No mention of the Fall there.

I was raised an evangelical. The problem of evil was a significant part of what led to my migration to atheism, just as it underpinned Darwin's migration to agnosticism. In essence, I came down on the "incompetent, fallible designer" end of the spectrum, and that designer is no god worthy of worship.


At 9/07/2007 3:10 PM, Anonymous Anonymous said...

RBH: Some people languish, but others savor full lives. Does one outweigh the other? If so, which outweighs which? Or are pleasure and pain, good and evil, incommensurable? Are viruses and parasites part of some brilliant, as-yet-unappreciated economy of nature, or do they reflect the bungling of an incompetent, fallible designer?"

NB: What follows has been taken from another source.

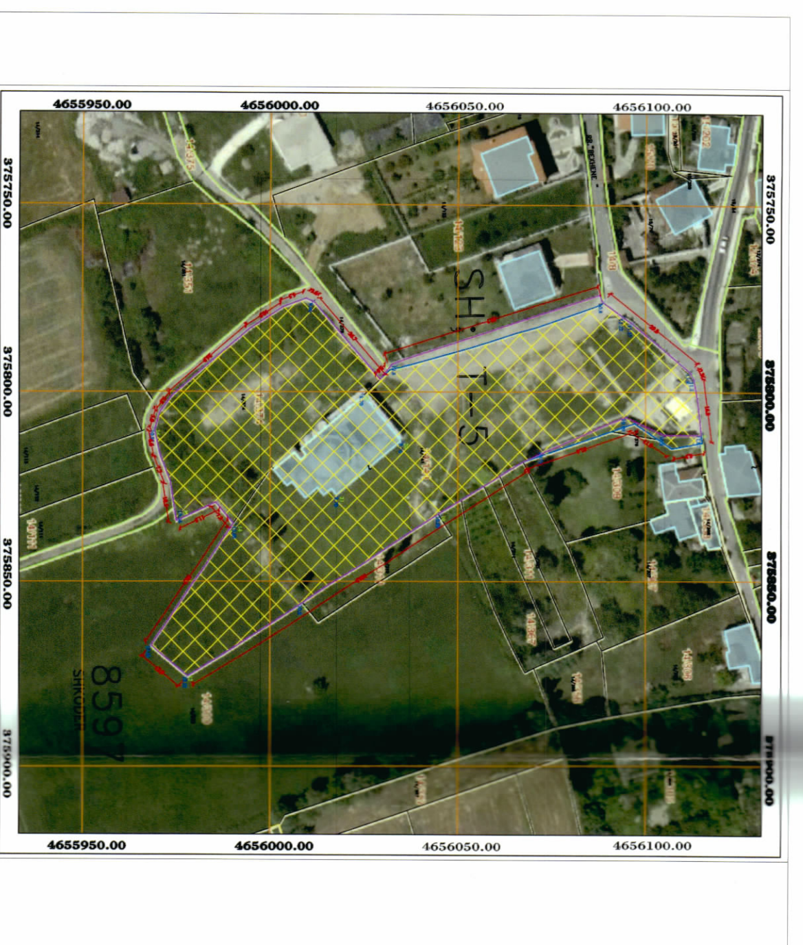
HARTA TOPOGRAFIKE SHK. 1:1500

The only way to know love is to experience hate. The way to know pleasure is to experience pain. The way to know good is to know evil.

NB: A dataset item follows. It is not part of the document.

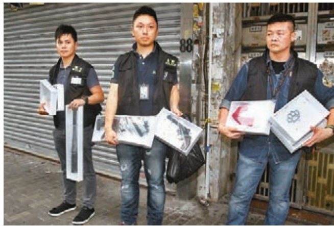
警方檢走包括仿製槍、鐵蓮花、利刀及墨球棍等武器。

另又搜獲一批吸毒及包裝工具,並檢獲兩支仿製槍械、兩個鐵蓮花、兩把利刀、1支墨球棍等武器。

As one that came to think the way you do at one time in my life, thankfully, I experienced the miraculous. Why God chose to create evil along with good is as simple as why you would allow your son or daughter to go through a trial to learn a more important truth or way.

There is suffering in this world... so I hope that all of us who are taking time to communicate our beliefs and understanding in this blog, will also be taking time to help those in need. This I believe, is the purpose of life. To give of ourselves.

Also RBH, as a believer in God and in the Scriptures, I don't think you are going to burn in hell forever for not believing! Believing is a gift from God and that gift will be there for you at the right time. Why the Potter has the right to form the clay as He wishes may be a mystery to us...there is a greater purpose and we will all come to understand one day.

At 9/07/2007 6:36 PM, Anonymous Cliff Martin said...

RBH, thank you for the insightful Behe quote. Much of Christian thought and theology has (in my opinion) done great damage to the reputation of our Creator. Intelligent Design is just another in a series of “christian” ideas that fails to address the problem of evil.

I have struggled with the problem of evil all my adult life (35 years and counting!). I have not abandoned my faith; but I understand why you, and countless others raised in the evangelical church, have done so. I tend to analyze my own belief through the eyes of the skeptic. This keeps me (hopefully) humble; but also leads me to stretch my thoughts, and my interpretation of the data, to develop an over-arching theology that is 1) true to the Scriptures, 2) true to the scientific data, and 3) preserves the honor and character of God.

I reject Behe’s notion. There is far more data suggesting randomness in the history of life than design. If we posit that God’s essential purpose in Creation is the annihilation of evil, and if we further posit that success requires a “natural” course for the cosmos, with evil being allowed to express itself until the ultimate victory of life and goodness, evil and suffering can be seen in a completely different light. I invite you to follow the development of my thoughts as they unfold on my blog. The approach that has been helpful for me may or may not be meaningful to you. But I can say this. I have, for the first time in 35 years, come to a settled peace with the problem of evil in God’s creation.